Summary
Hyperparameter tuning is a method for finding the best combination of parameters that improves the overall performance of a machine learning model. Hyperparameter tuning can be thought of as an optimization problem. This tutorial will briefly discuss the hyperparameter tuning problem, discuss different methods for hyperparameter tuning, and perform a simple scikit-learn tutorial on different hyperparameter tuning algorithms using an SVM classifier on the iris dataset.
Introduction
Hyperparameter tuning is a method for finding the best parameters to use for a machine learning model. There are a few different methods for hyperparameter tuning such as Grid Search, Random Search, and Bayesian Search. Grid Search is a search algorithm that performs an exhaustive search over a user-defined discrete hyperparameter space [1, 3]. Random Search is a search algorithm that improves upon Grid Search by performing a randomized search over a few distributions of the hyperparameter space [1, 3]. Finally, Bayesian Search is a search algorithm that attempts to improve its search performance by trading off between exploration and exploitation using Bayesian optimization [1, 2, 5]. This tutorial will connect concepts from both A1 and A2 by 1) setting up hyperparameter tuning as an optimization problem, 2) describing the details of how Grid Search, Random Search, and Bayesian Search try to solve the problem, and 3) providing a short demonstration with scikit-learn and scikit-optimize on an SVM classifier.
Hyperparameter Tuning as an Optimization Problem
When starting out in machine learning, optimization and hyperparameter tuning might not seem to be connected. However, when considering an objective function that can be maximized or minimized with respect to a set of hyperparameters, hyperparameter tuning can be redefined mathematically as an optimization problem. Eq. 1 shows the objective function measured as the expected loss given a dataset D, learning algorithm A, and loss function L over a set of hyperparameters defined by H. h* is the optimal hyperparameters found by finding by minimizing the objective function [1, 4].
In this tutorial, the algorithm will be an SVM classifier using classification metrics like accuracy, recall, precision, and f1-score in place of a loss function. The problem would turn into a maximization problem as a result of trying to maximize the selected classification metrics. The set of hyperparameters chosen will be chosen for each hyperparameter tuning algorithm from the type of kernel, regularization parameter C, kernel coefficient γ, and degree of the polynomial.
Grid Search
Grid Search is the first algorithm to discuss with respect to hyperparameter tuning. The algorithm searches through the grid exhaustively for all possible combinations of hyperparameters. In the SVM classifier chosen for this tutorial, if 3 different values each of C and γ, then Grid Search would loop through 3*3 = 9 possible combinations of hyperparameters between the C and γ. As the number of hyperparameters and number of values chosen for those parameters increase, the grid space becomes very large. This property of exhaustive search algorithms is due to the “curse of dimensionality” [1]. As the number of hyperparameters and values for those parameters increase, the more computationally expensive Grid Search tends to be on the grid space. Figure 1 shows an example of an exhaustive grid space for 2 hyperparameters with 5 chosen values [1, 3].
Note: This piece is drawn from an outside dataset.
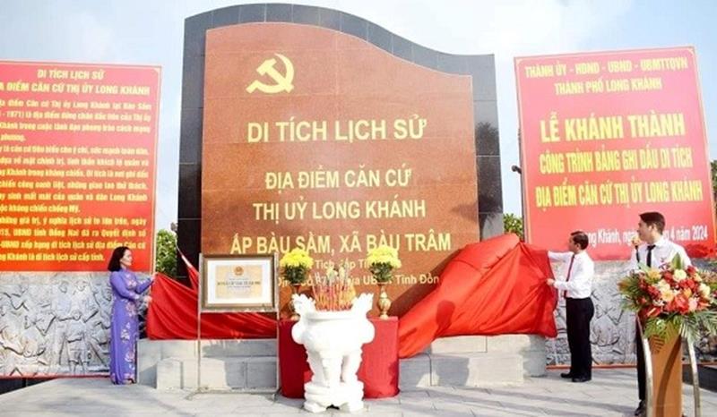 (CTT-Đồng Nai)- Hướng tới kỷ niệm 30-4 giải phóng hoàn toàn miền Nam, thống nhất đất nước, ngày 4-4 thành phố Long Khánh đã tổ chức khánh thành công trình Bảng ghi dấu Di tích lịch sử Địa điểm Căn cứ Thị ủy Long Khánh, tại tổ 7, ấp Bàu Sầm, xã Bàu Trâm.
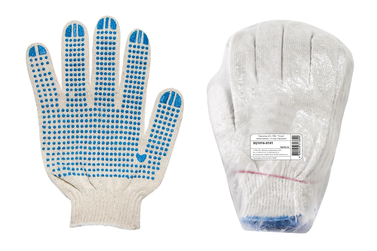 Наименование: Перчатки х/б с ПВХ , "Точка", трикотажные, 7, 6 пар, Народная

Grid Search requires prior knowledge of the hyperparameters as all possible candidate hyperparameter combinations are searched. For example, the values for C and γ can be tuned over a narrow range of linearly- or log-spaced values if the user has prior experience with SVMs. Although Grid Search can be computationally expensive, there are options to parallelize the algorithm. Grid Search does provide good results as long as the grid space can be searched efficiently enough on a narrow range of values [1, 3].
Randomized Search
Random Search improves on the computational expense that comes with exhaustively searching through the hyperparameter space by randomly sampling hyperparameter values from a distribution of values. Figure 2 shows a possible set of values after running Random Search 9 times. Rather than having user-defined discrete values, the values often come from continuous distributions [1, 3].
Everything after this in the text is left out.